Which flower smells the best to you?

Workout
Peony (AMRAP - Reps)

FREEDOM (RX)
20:00 AMRAP
200m Run
5 Wall Walks
400m Run
10 Wall Walks
600m Run
15 Wall Walks
800m Run
Max Wall Walks in remaining time (20 Wall Walk Cap)
(Scored by Reps in max set of Wall Walks)

INDEPENDENCE (SX+)
20:00 AMRAP
200m Run
4 Wall Walks
400m Run
8 Wall Walks
600m Run
12 Wall Walks
800m Run
Max Wall Walks in remaining time (16 Wall Walk Cap)

LIBERTY (SX)
20:00 AMRAP
100m Run
5 Inchworms (or 2 wall walks)
200m Run
10 Inchworms (or 4 wall walks)
300m Run
15 Inchworms (or 5 wall walks)
400m Run
Max Inchworms in remaining time (20 Inchworm or 10 wall walk Cap)

RUN

TALL

AND

BREATHE

Scale the wall walks as appropriate

→Partials

→box walks

(Avoid shoulder pressing today)

Strength/Accessory
Accessory (Time)

Accumulate 3:00 minutes:
Plank Hold (elbows)

Rest as needed.
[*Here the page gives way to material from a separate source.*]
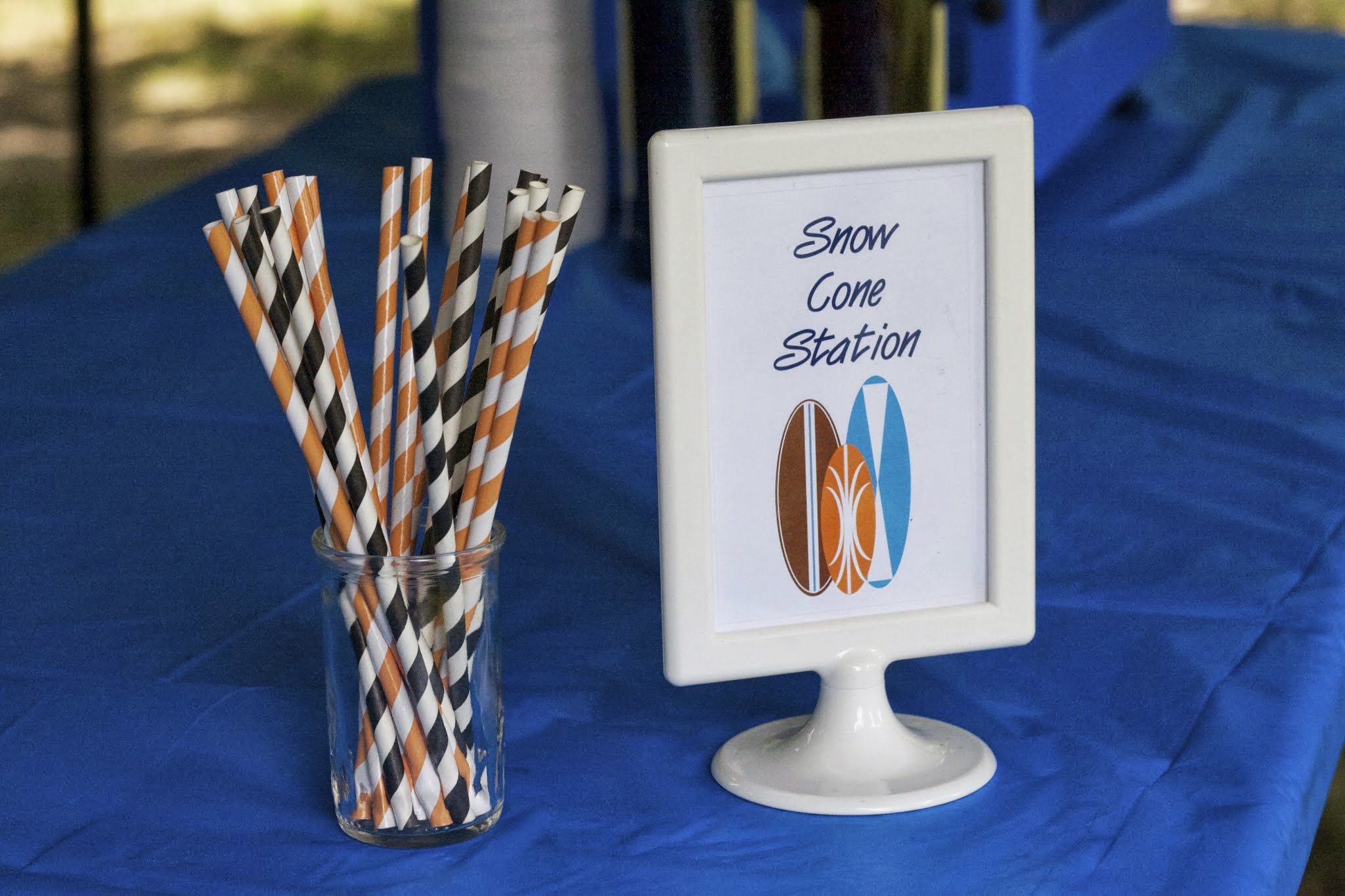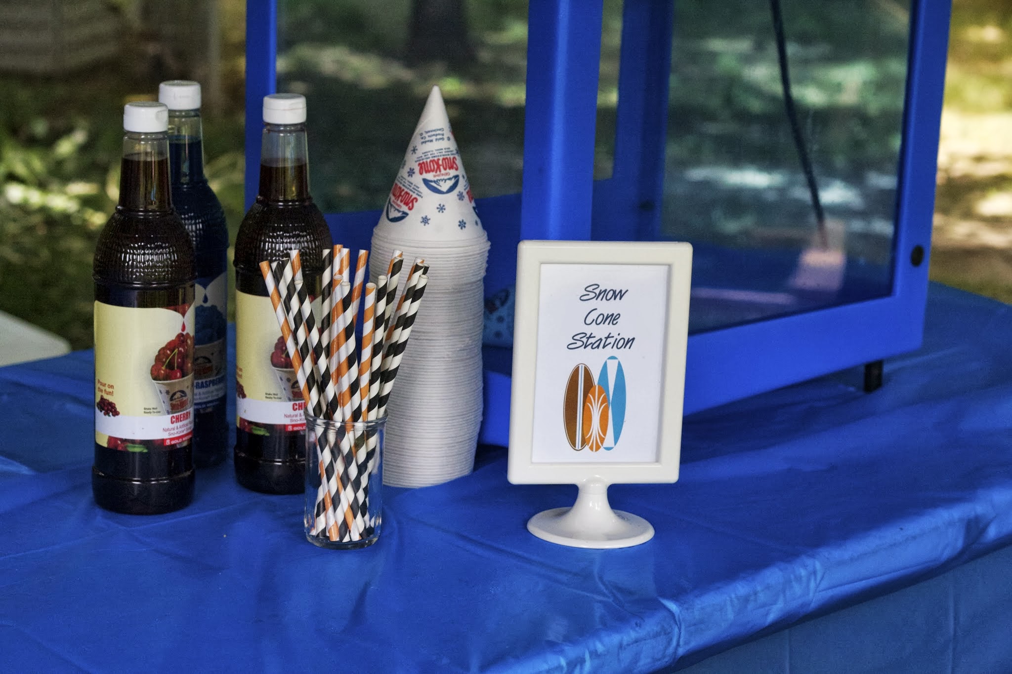 Then it was back home to prep the backyard for the Water World trilogy that would be our afternoon. The snow cone station was set up.

Score is total clock time at finish.
There is a 10:00 time cap.

Scaling options:
- Knee Plank Hold (elbows)
- Top of the Push Up Hold
- You can also scale down to accumulating 2 minutes instead of 3.

Cooldown/Mobility
Mobility

3 minutes of easy cardio (this can be walk, a slow row, machine ride, etc.)

2 Sets
1:00 Seated QL Stretch
1:00 Chest Stretch
1:00 Seated External Rotations
*Rest as needed between sides, movements and sets.